> _Instructions for the task_: The answer must be the lines from the one that holds "La Palmyre: Single-family" through the final line of the data, copied exactly, with no pictures.

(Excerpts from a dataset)

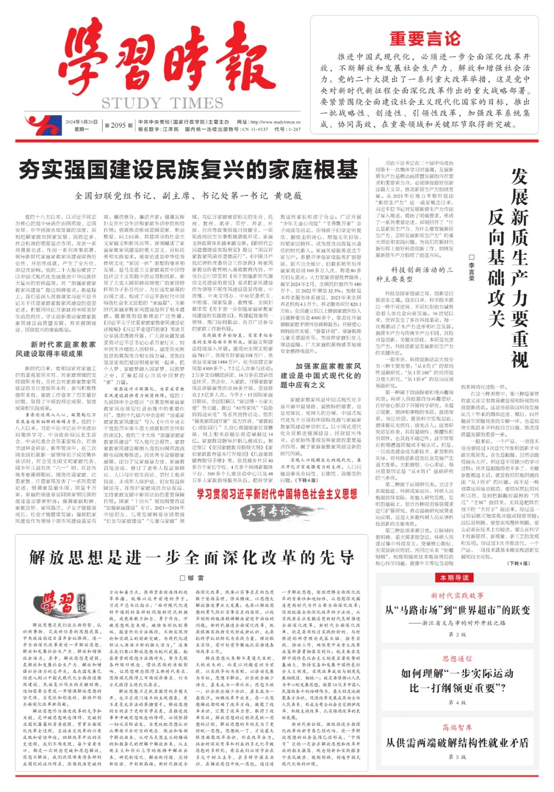 黄晓薇在《学习时报》发表署名文章《夯实强国建设民族复兴的家庭根基》
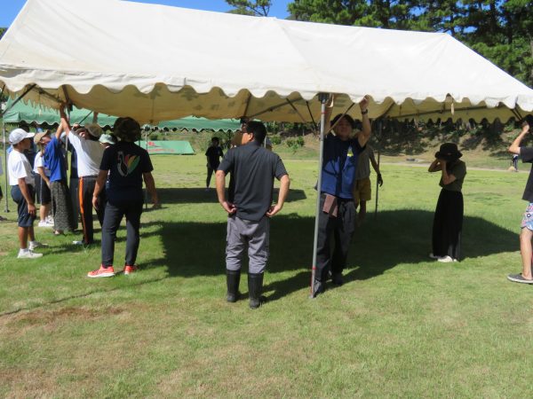 グラウンド整備やテント、万国旗の準備など、みんなで協力して行いました。
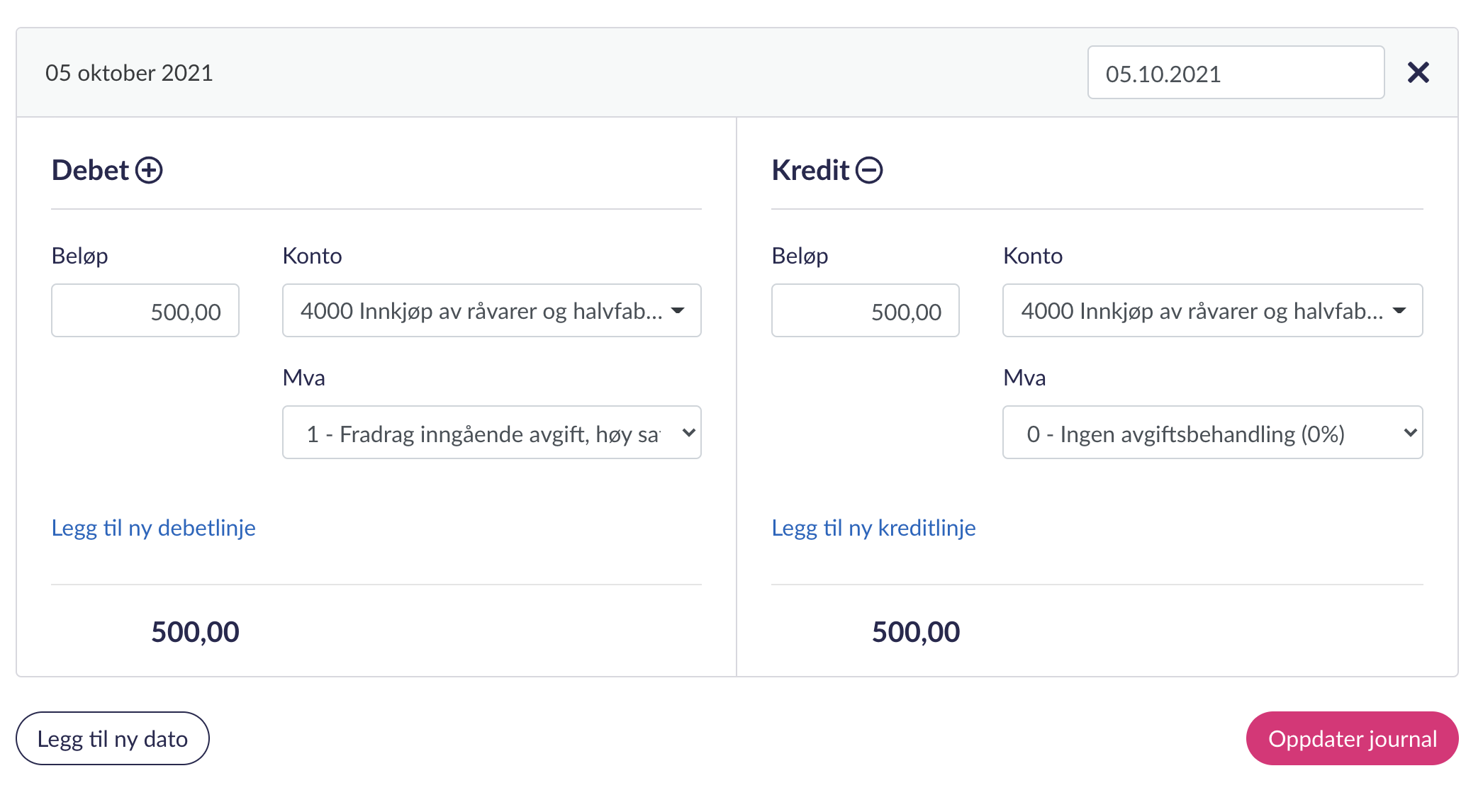 Hvis du forsøker å føre direkte mot konto 2700-2739 i manuelt bilag vil du få en feilmelding. Vi støtter ikke å føre direkte på mva-kontoer på denne måten fordi mva-koden ikke ville blitt med på føringen.
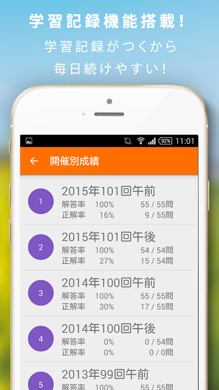 保健師の暗記カード+過去問 解説付。マイ暗記カードの作成、開催別、分野別、苦手な問題などから独自の問題セットを作成でき重要な項目を徹底的に復習できます。
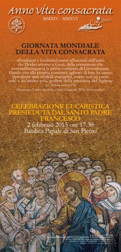 Logo [English, French, Italian, Spanish] Calendar [English, French, German, Italian, Portuguese, Spanish] Message of the Holy Father for the Opening of the Year of Consecrated Life (30 November 2014) [English, French, German, Italian, Portuguese, Spanish] To participants in the Plenary of the Congregation for Institutes of Consecrated Life and Societies of Apostolic Life (27 November 2014) [English, French, German, Italian, Portuguese, Spanish] Decree by which are established the works to be performed in order to obtain the gift of Indulgences on the occasion of the Year of Consecrated Life (23 November 2014) [English, French, Italian, Latin, Portuguese, Spanish] Apostolic Letter to all Consecrated people on the occasion of the Year of Consecrated Life (21 November 2014) [English, French, German, Italian, Polish, Portuguese, Spanish] Address of Pope Francis to participants in the Ecumenical Colloquium of Men and Women Religious, held by the Congregation for Institutes of Consecrated Life and Societies of Apostolic Life (24 January 2015) [English, French, German, Italian, Portuguese, Spanish] Holy Mass for the Day of Consecrated Life (2 February 2015): Homily of His Holiness Pope Francis (Video) [Arabic, English, French, German, Italian, Portuguese, Spanish] |
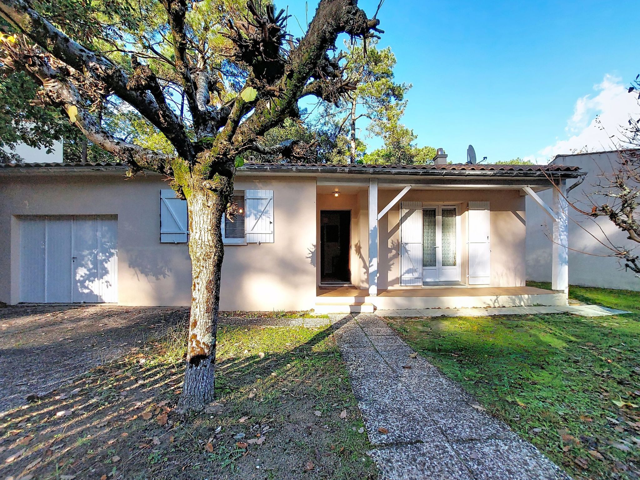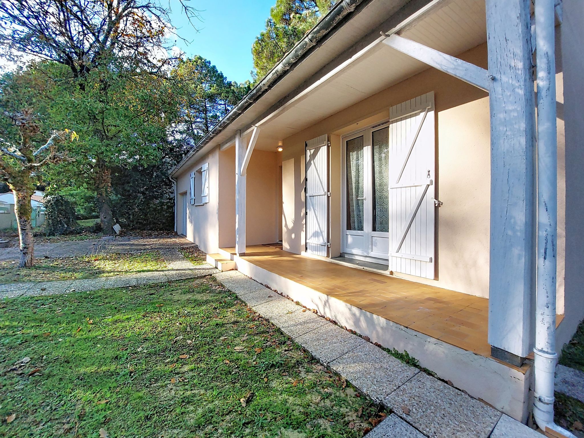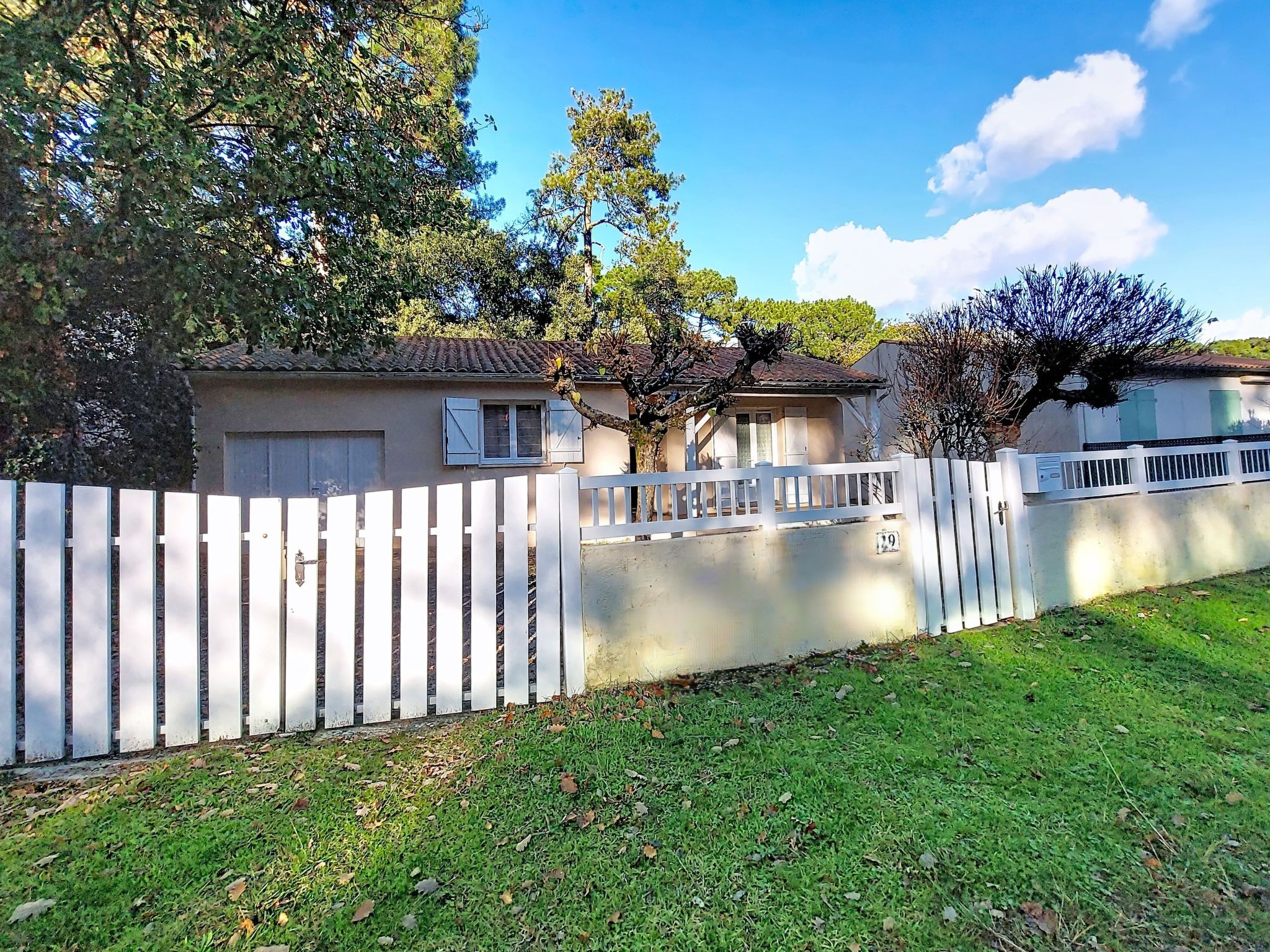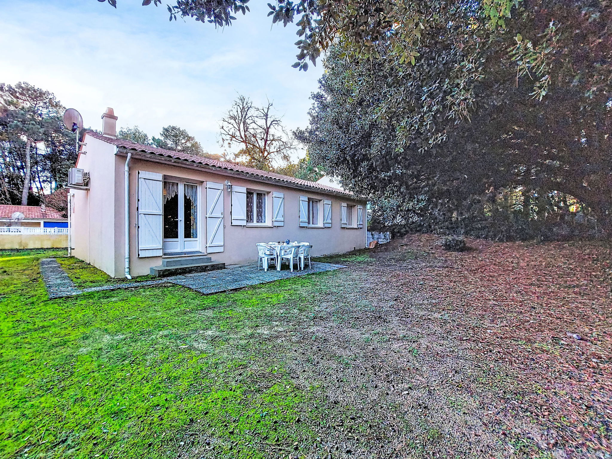 La Palmyre: Single-family house "Les Alouettes". In the resort 1 km from the centre of La Palmyre, in a quiet position in the residential district, 1.7 km from the sea, 1.7 km from the beach, south-west facing position. Private: natural state property 570 m2 (fenced), trees, parking. Shop 1 km, grocery 1 km, supermarket 1 km, bakery 1 km, café 1 km, bus stop "Office de tourisme" 1 km, railway station "Royan" 18 km, sandy beach "La Palmyre" 1.7 km. Sports harbour 1.7 km, golf course (9 hole) 900 m, surf school 1 km, tennis 150 m, riding stable 1.7 km. Nearby attractions: Zoo de La Palmyre 1.1 km, Hippodrome - La Palmyre 700 m, Zagal Cabaret - La Palmyre 1.9 km, Luna Park (Juillet - Août) 5 km, Port La Tremblade - Boyard / Ile d'Aix 12 km, Golf La Palmyre 2 km. The keys‘ handover takes place by the agency in La Palmyre, 1 km.
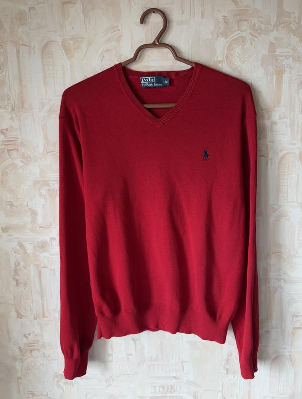 Красный джемпер оригинал с V-образным вырезом, очень приятный к телу

> _Task output_:
 La Palmyre: Single-family house "Les Alouettes". In the resort 1 km from the centre of La Palmyre, in a quiet position in the residential district, 1.7 km from the sea, 1.7 km from the beach, south-west facing position. Private: natural state property 570 m2 (fenced), trees, parking. Shop 1 km, grocery 1 km, supermarket 1 km, bakery 1 km, café 1 km, bus stop "Office de tourisme" 1 km, railway station "Royan" 18 km, sandy beach "La Palmyre" 1.7 km. Sports harbour 1.7 km, golf course (9 hole) 900 m, surf school 1 km, tennis 150 m, riding stable 1.7 km. Nearby attractions: Zoo de La Palmyre 1.1 km, Hippodrome - La Palmyre 700 m, Zagal Cabaret - La Palmyre 1.9 km, Luna Park (Juillet - Août) 5 km, Port La Tremblade - Boyard / Ile d'Aix 12 km, Golf La Palmyre 2 km. The keys‘ handover takes place by the agency in La Palmyre, 1 km.
 Красный джемпер оригинал с V-образным вырезом, очень приятный к телу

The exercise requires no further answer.